ABSTRACT
In this article, we review the evidence underpinning the broader prehabilitation concept and the target behavioural and lifestyle risk factors including their perioperative impact and evidence for prehabilitation intervention. We also identify principles for delivering prehabilitation in practice, alongside lessons for the perioperative setting from well-established allied interventions; cardiac and pulmonary rehabilitation.

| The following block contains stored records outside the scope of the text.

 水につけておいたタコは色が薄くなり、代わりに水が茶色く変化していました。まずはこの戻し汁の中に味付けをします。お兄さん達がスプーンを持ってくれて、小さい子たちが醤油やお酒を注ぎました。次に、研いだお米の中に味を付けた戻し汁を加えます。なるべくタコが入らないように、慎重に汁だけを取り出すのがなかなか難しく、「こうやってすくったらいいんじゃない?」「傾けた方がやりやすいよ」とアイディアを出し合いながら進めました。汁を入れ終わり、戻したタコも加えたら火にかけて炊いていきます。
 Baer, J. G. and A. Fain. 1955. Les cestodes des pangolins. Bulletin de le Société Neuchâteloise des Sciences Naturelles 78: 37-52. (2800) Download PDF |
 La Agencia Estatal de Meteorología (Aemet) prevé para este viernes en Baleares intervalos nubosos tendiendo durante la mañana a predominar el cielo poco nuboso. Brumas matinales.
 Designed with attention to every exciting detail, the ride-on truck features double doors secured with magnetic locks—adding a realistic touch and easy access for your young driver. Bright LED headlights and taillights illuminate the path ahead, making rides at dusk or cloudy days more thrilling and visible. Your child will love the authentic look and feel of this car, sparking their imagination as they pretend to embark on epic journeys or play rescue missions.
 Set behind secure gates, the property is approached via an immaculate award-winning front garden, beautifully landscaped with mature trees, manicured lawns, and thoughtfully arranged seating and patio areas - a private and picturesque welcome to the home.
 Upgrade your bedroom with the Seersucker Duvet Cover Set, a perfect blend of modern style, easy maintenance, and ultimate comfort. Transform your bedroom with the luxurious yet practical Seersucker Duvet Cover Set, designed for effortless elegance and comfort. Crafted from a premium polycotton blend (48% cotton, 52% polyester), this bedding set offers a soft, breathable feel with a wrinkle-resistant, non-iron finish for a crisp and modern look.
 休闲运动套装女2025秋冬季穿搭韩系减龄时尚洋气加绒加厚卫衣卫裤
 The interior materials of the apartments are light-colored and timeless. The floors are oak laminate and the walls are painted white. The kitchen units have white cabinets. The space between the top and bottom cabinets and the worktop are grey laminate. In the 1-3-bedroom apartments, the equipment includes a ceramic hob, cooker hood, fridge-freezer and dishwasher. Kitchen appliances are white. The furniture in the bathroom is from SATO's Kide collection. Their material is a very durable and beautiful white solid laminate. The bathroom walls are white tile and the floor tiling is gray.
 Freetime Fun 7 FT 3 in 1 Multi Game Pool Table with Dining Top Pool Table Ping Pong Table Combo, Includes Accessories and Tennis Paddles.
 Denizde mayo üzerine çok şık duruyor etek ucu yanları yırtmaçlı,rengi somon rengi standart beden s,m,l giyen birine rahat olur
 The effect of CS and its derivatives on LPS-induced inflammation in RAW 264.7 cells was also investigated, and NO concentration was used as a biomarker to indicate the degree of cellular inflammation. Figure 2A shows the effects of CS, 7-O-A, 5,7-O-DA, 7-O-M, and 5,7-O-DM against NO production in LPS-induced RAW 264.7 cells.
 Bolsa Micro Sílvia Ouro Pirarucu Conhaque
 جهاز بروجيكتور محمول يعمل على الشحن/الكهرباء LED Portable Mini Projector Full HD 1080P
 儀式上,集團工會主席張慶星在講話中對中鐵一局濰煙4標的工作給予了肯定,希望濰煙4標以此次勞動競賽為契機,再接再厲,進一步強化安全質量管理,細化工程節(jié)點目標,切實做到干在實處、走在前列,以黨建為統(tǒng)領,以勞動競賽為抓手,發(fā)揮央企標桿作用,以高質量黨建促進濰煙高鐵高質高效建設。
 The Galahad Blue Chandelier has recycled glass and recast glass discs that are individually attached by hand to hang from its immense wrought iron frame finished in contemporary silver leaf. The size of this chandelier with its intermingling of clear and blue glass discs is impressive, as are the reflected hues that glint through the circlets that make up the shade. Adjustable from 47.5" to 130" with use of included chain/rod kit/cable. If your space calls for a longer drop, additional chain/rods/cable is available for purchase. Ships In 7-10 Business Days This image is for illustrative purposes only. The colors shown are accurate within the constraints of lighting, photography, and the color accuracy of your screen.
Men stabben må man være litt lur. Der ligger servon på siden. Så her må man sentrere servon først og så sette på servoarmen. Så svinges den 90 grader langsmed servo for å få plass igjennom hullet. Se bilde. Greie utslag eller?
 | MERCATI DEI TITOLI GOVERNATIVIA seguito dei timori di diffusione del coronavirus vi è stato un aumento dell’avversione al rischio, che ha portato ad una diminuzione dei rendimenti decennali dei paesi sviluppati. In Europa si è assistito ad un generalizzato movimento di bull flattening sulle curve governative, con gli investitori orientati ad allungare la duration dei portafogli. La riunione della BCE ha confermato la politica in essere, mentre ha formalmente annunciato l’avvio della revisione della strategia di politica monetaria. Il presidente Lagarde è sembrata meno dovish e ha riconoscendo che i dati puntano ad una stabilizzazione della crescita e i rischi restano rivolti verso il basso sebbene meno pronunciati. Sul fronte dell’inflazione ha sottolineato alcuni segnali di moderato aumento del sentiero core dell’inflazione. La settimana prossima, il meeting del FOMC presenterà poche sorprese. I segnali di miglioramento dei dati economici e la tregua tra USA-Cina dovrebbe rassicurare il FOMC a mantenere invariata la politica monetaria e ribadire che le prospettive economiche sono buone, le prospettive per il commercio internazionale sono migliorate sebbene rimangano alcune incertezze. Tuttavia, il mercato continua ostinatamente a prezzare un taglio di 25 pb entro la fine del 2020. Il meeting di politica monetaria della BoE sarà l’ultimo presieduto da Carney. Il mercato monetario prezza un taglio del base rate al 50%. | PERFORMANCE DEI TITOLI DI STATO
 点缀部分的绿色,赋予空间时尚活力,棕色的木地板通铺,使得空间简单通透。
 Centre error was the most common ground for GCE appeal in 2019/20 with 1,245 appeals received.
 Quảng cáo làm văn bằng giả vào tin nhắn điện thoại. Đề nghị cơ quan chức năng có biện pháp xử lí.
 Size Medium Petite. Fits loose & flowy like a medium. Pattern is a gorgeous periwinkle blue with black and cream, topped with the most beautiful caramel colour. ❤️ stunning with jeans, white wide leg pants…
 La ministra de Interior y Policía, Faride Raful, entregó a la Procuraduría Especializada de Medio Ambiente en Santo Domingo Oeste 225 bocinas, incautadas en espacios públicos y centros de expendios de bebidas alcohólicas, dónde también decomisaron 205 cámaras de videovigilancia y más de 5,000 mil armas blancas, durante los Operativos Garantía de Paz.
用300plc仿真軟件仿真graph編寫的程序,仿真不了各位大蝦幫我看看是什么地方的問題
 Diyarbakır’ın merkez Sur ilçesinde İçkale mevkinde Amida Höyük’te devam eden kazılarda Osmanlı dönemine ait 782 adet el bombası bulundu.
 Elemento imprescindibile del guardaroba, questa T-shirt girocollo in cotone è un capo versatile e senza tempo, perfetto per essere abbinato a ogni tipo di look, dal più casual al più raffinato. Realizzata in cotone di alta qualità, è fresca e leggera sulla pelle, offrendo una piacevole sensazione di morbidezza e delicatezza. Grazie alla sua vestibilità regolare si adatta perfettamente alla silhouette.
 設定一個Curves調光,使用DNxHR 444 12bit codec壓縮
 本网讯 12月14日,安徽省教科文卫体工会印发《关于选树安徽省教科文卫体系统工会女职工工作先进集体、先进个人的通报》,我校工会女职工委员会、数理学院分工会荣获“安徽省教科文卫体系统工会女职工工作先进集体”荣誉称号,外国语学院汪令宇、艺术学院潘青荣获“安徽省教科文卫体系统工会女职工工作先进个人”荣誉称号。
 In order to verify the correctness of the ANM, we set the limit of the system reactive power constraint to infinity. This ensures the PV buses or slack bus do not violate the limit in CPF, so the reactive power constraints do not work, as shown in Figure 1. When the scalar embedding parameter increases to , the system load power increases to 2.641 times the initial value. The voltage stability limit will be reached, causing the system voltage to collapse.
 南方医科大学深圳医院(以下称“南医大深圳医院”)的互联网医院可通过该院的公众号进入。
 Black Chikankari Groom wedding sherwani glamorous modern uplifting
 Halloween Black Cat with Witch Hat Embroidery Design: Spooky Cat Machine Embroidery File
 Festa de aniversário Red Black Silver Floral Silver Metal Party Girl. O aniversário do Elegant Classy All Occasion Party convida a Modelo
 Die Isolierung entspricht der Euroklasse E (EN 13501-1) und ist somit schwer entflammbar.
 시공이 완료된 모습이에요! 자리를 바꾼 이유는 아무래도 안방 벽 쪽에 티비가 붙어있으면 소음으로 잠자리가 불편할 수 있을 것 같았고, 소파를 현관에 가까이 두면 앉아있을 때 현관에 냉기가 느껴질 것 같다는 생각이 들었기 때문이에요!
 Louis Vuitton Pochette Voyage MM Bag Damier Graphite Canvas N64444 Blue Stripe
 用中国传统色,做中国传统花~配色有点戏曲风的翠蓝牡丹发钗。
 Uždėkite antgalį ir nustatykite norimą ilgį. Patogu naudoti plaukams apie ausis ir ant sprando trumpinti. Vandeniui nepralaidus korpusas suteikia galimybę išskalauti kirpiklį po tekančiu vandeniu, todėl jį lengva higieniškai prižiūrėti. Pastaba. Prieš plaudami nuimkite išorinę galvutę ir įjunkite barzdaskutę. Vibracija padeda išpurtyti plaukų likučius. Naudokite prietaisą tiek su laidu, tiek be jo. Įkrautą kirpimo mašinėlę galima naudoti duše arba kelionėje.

KEYWORDS: Perioperative, surgery, prehabilitation, exercise, smoking, alcohol, cancer
Major surgery in the UK: Why complications matter
The UK NHS undertakes approximately 2,414 major elective surgical procedures per 100,000 population annually.1 Surgery involving a major body cavity provokes a global neuroendocrine inflammatory response, placing significant physiological strain upon the patient.2 Mortality is estimated at up to 4% with attention increasingly focused upon surgical morbidity as a key driver of postoperative death.3 Postoperative complications affect 15–40% of patients.4 The immediate impact is stark, including a 2–4 fold increase in hospital length of stay (HLOS) and increased readmissions.5,6 The NHS cost impact is substantial, inflating the £5.6 billion burden of major elective surgery.1 Equally concerning is the longer-term impact on patients. Many fail to regain their preoperative functional status and independence.7 These factors undermine health related quality of life (HRQOL).8 Following adjustment, a postoperative complication reduces life expectancy for years following discharge.9
A range of factors determines complication risk. The ‘high-risk’ surgical patient is typically older, demonstrates multiple comorbidities and may be frail.10 Lifestyle and behavioural factors also elevate risk including physical inactivity and poor fitness, smoking, hazardous drinking, malnutrition and adverse psychological factors. Collectively these reduce the body's resilience to manage the physiological stress of the operation. The physiological challenge of major surgery has been likened to running a marathon. In both cases, preparation is critical. ‘Prehabilitation’ aims to enhance general health and wellbeing prior to major surgery. By intervening in the preoperative period to modify behavioural and lifestyle risk factors, the ‘physiological reserve’ of the patient is enhanced to buffer the surgical stress response.11
Fit to fight: Prehabilitation for major surgery
Prehabilitation prepares individuals to ‘weather the storm’ of their operation and to avoid or overcome complications (Fig 1). The preoperative period is considered a ‘teachable moment’ in healthcare.12 During this window, individuals may be more receptive to structured behavioural intervention. Our recent research has highlighted a high degree of patient motivation to change behaviour for perioperative benefits, however a comparative lack of confidence identified a need for structured support.13 The wider public health opportunity offered by surgery to embed lasting lifestyle change should not be ignored. Effective prehabilitation is person centred, placing the patient at the core of their perioperative journey. Patients can regain some control over their own outcomes. Prehabilitation support should be multidisciplinary and cross healthcare sectors, requiring expertise and input from a range of professionals (Fig 2).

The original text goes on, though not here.